#### ABOUT THIS TASK
Below are entries; repeat exactly, and nothing else, the lines from the one holding "Ջինա Լոլլորիջի դեմ" through the one holding "モチーフはコスモスなどの秋の草花や果実、花瓶等です。", inclusive. Leave the pictures out.

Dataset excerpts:
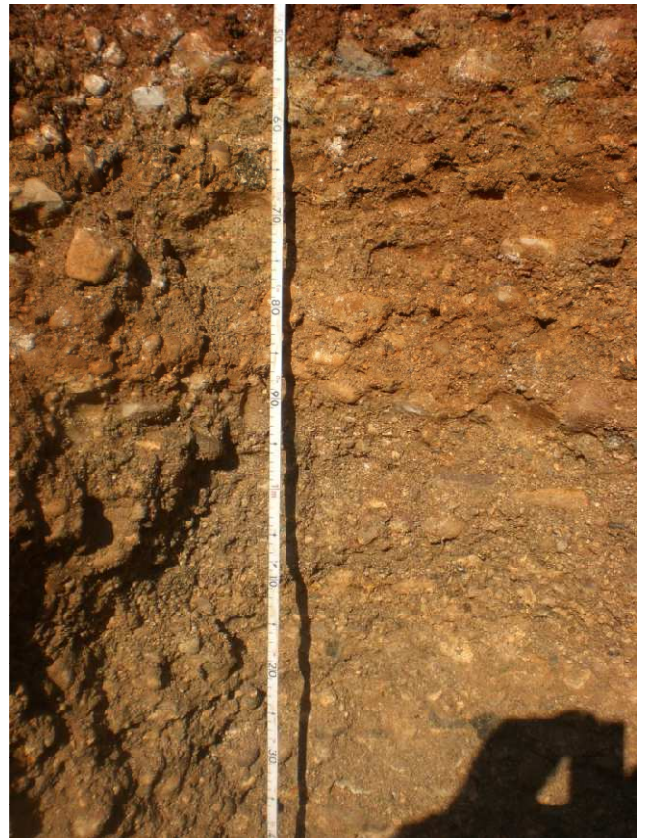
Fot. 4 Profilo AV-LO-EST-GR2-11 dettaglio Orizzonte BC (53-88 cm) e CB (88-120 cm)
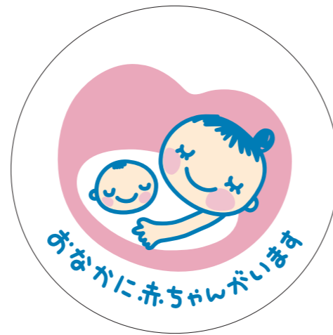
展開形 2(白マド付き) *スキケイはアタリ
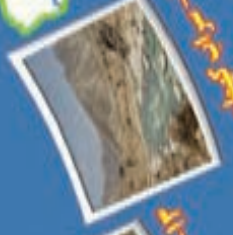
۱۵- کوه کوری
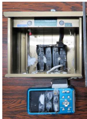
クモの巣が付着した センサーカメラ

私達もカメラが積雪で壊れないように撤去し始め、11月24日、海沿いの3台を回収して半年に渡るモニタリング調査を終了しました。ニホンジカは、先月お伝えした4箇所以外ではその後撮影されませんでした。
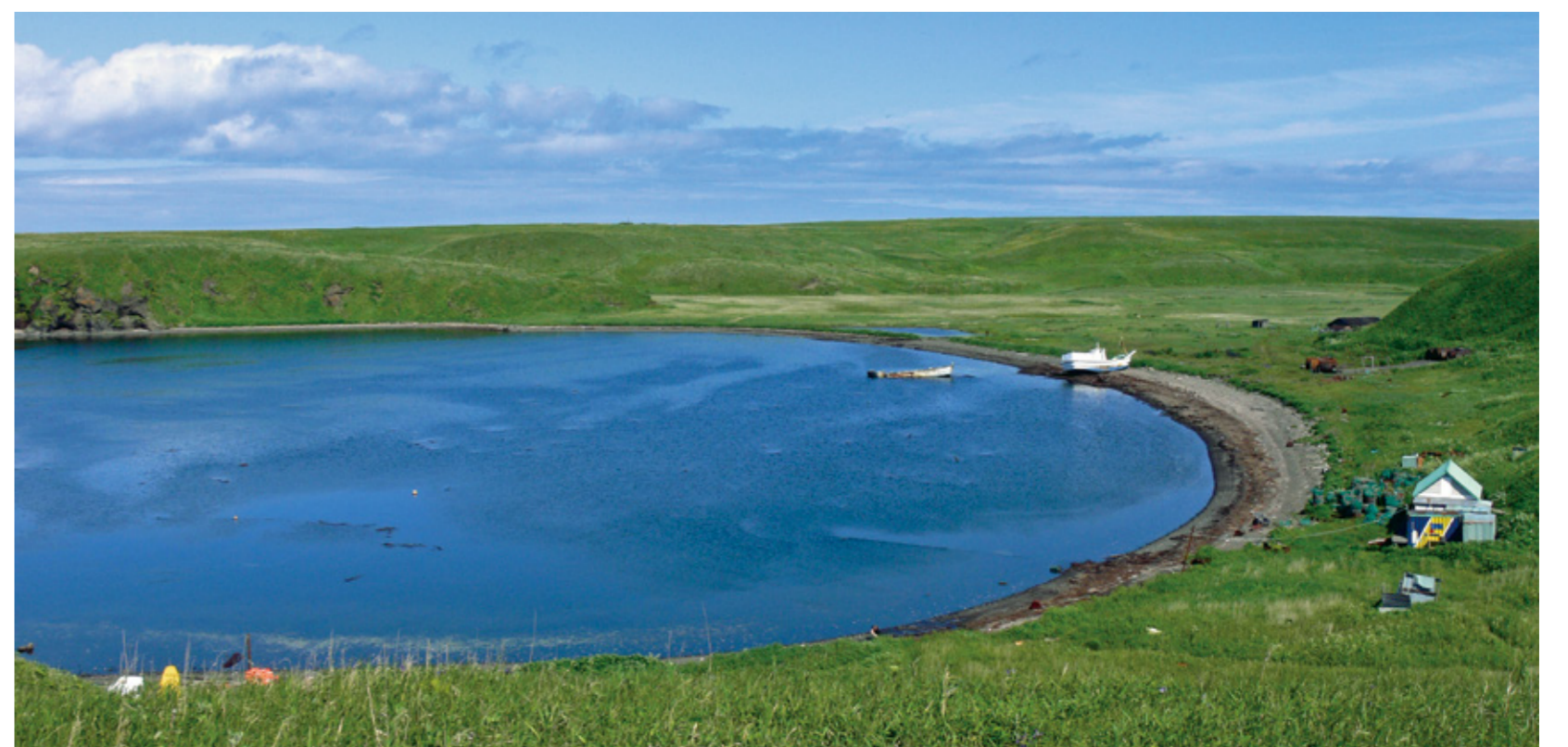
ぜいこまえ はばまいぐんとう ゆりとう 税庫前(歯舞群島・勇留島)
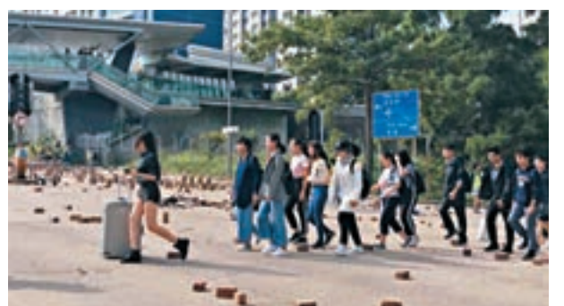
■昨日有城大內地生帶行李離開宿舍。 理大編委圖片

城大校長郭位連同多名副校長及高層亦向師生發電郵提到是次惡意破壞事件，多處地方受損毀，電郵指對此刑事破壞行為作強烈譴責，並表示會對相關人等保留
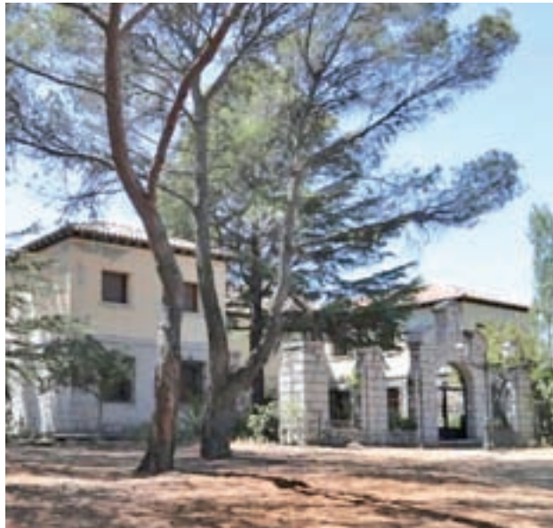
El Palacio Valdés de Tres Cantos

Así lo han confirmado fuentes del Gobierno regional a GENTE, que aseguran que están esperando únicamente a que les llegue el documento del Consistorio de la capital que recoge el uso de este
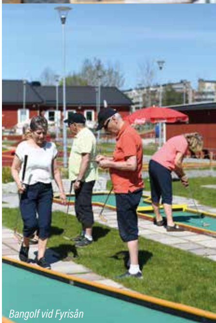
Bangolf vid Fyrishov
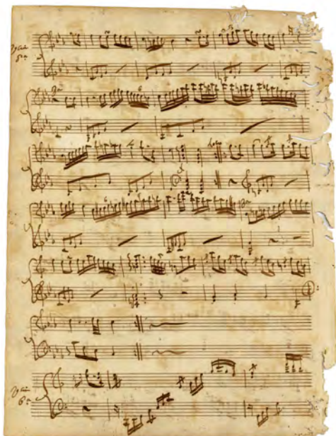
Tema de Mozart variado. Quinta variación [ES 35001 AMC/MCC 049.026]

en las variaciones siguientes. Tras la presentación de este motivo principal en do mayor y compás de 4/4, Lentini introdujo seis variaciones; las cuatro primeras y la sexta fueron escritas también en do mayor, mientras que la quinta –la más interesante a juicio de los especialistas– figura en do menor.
--
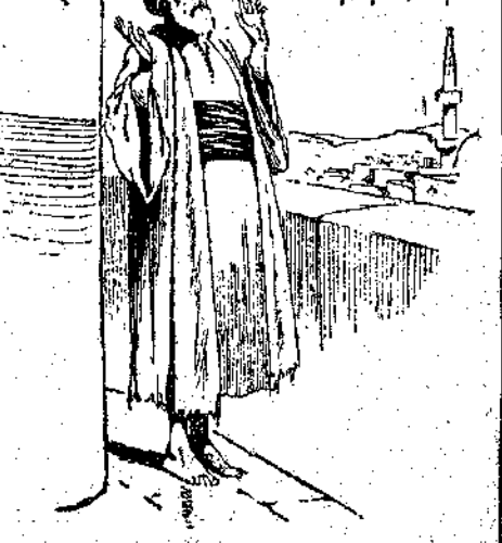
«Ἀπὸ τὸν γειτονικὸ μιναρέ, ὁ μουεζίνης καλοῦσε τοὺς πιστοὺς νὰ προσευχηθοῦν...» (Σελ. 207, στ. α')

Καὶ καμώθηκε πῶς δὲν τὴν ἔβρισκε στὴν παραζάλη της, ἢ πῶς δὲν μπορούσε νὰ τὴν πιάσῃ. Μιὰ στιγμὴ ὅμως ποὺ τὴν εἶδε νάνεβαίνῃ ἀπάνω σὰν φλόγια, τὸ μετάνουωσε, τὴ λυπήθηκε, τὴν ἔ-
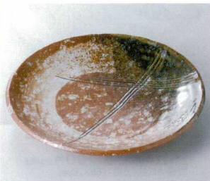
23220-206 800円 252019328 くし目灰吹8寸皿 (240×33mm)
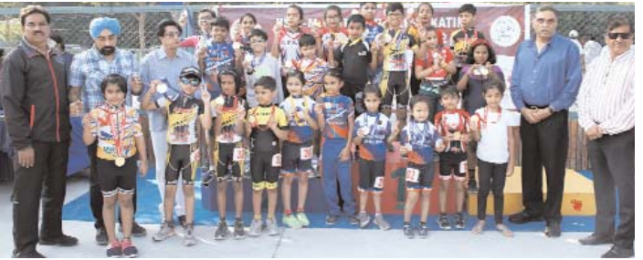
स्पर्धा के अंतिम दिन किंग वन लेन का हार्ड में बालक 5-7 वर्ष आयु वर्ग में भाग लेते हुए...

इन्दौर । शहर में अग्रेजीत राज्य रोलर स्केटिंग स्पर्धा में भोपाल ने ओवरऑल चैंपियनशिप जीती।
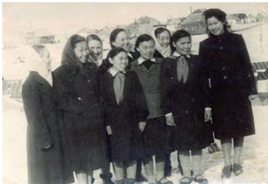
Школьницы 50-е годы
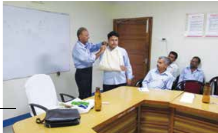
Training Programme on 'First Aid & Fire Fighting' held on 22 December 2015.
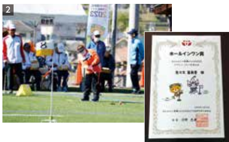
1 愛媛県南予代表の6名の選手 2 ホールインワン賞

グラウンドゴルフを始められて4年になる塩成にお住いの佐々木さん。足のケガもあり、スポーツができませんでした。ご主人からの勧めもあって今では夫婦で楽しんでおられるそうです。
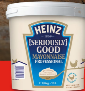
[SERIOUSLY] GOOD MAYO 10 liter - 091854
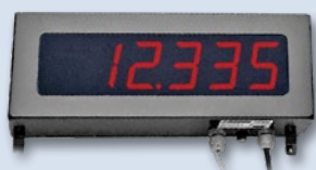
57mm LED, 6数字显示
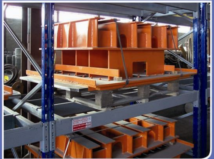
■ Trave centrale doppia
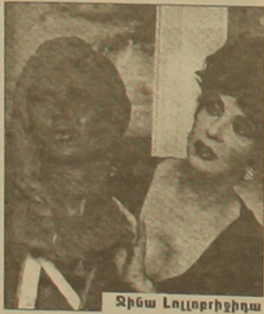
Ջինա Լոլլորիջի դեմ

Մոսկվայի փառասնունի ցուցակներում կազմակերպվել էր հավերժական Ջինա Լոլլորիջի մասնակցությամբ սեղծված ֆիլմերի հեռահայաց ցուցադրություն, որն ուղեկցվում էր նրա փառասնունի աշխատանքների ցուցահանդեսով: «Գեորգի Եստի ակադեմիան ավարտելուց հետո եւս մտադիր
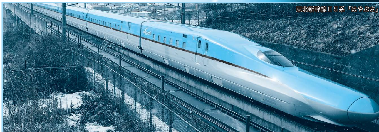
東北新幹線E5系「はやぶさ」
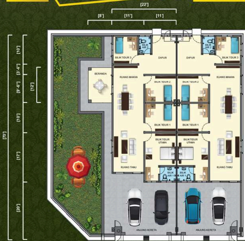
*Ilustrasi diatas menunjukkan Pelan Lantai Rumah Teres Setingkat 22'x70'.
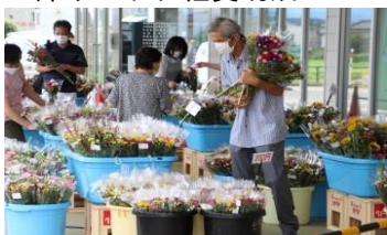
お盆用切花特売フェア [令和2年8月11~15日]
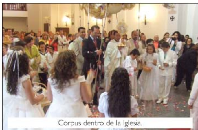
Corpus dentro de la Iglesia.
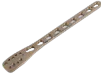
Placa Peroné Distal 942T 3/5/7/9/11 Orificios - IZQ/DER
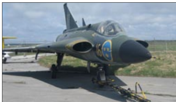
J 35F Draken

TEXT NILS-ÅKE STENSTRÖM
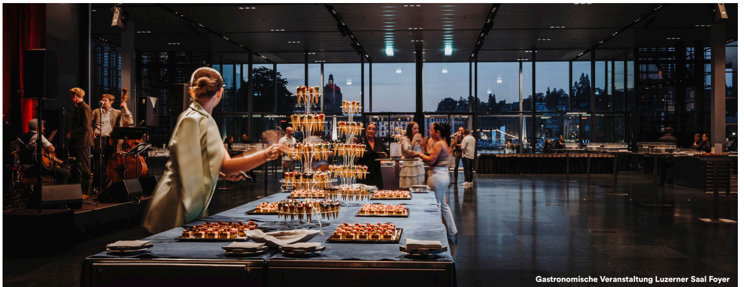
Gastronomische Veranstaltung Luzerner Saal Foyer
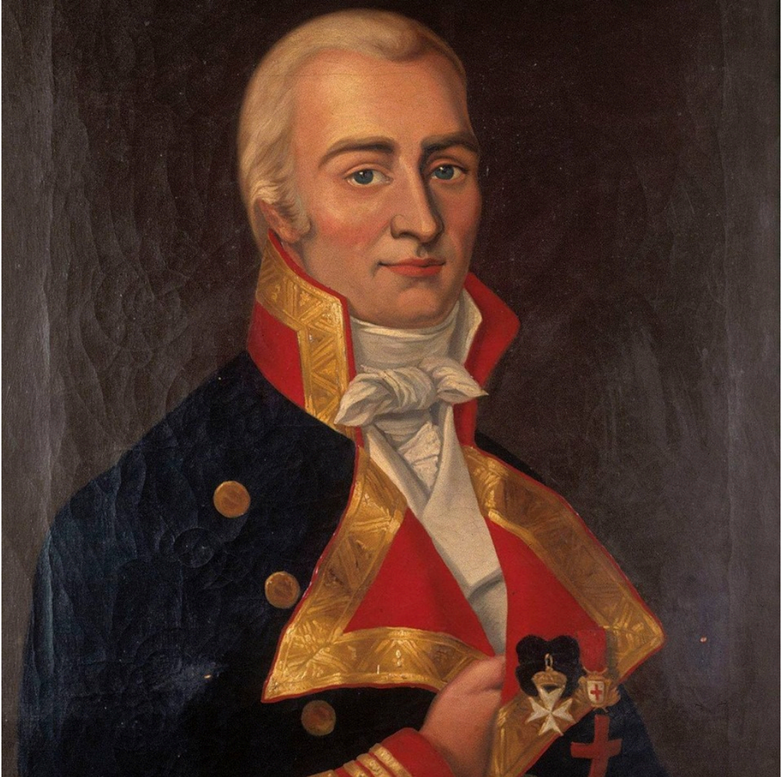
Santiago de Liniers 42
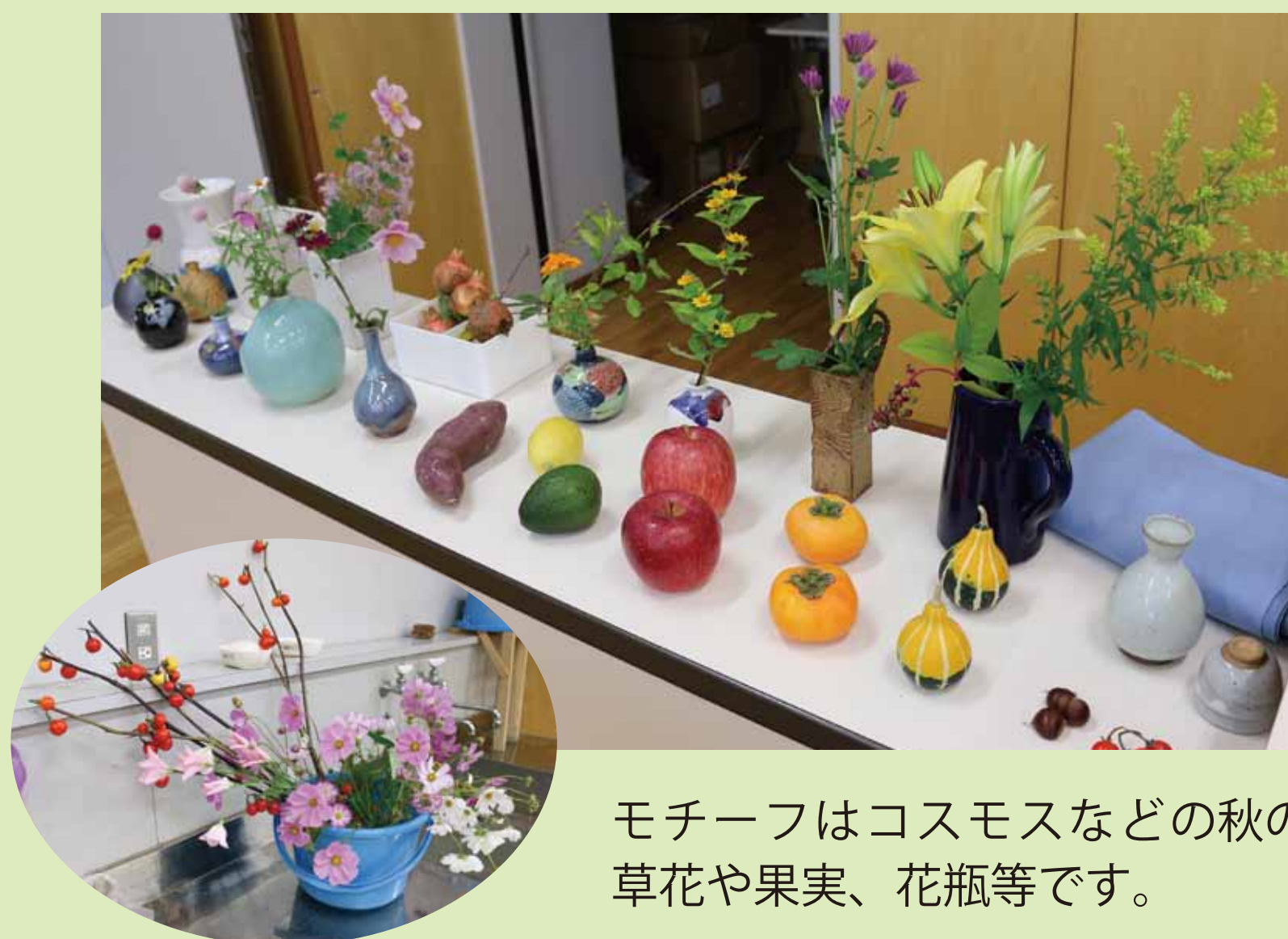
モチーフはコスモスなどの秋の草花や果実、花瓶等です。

#### EXERCISE RESULT
Ջինա Լոլլորիջի դեմ

Մոսկվայի փառասնունի ցուցակներում կազմակերպվել էր հավերժական Ջինա Լոլլորիջի մասնակցությամբ սեղծված ֆիլմերի հեռահայաց ցուցադրություն, որն ուղեկցվում էր նրա փառասնունի աշխատանքների ցուցահանդեսով: «Գեորգի Եստի ակադեմիան ավարտելուց հետո եւս մտադիր
東北新幹線E5系「はやぶさ」
*Ilustrasi diatas menunjukkan Pelan Lantai Rumah Teres Setingkat 22'x70'.
お盆用切花特売フェア [令和2年8月11~15日]
Corpus dentro de la Iglesia.
Placa Peroné Distal 942T 3/5/7/9/11 Orificios - IZQ/DER
J 35F Draken

TEXT NILS-ÅKE STENSTRÖM
Gastronomische Veranstaltung Luzerner Saal Foyer
Santiago de Liniers 42
モチーフはコスモスなどの秋の草花や果実、花瓶等です。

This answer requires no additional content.